## Extracted records
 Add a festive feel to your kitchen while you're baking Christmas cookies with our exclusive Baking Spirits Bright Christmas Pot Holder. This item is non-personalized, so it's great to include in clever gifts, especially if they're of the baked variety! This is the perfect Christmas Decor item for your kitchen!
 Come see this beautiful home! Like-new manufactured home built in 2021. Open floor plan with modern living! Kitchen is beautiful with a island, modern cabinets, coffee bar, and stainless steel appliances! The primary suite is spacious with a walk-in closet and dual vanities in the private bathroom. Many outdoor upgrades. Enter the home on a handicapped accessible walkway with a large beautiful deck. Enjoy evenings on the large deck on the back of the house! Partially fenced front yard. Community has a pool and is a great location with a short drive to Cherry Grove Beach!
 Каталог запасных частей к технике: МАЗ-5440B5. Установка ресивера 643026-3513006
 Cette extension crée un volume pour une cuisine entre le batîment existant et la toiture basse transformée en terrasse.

...

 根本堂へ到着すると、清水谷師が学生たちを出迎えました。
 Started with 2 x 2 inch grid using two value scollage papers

## Aim of the task
Begin at the line above that has "根本堂へ到着すると、清水谷師が学生たちを出迎えました。" and stop after the line that has "Started with 2", copying each line exactly and adding nothing else.

## Response below
 根本堂へ到着すると、清水谷師が学生たちを出迎えました。
 Started with 2 x 2 inch grid using two value scollage papers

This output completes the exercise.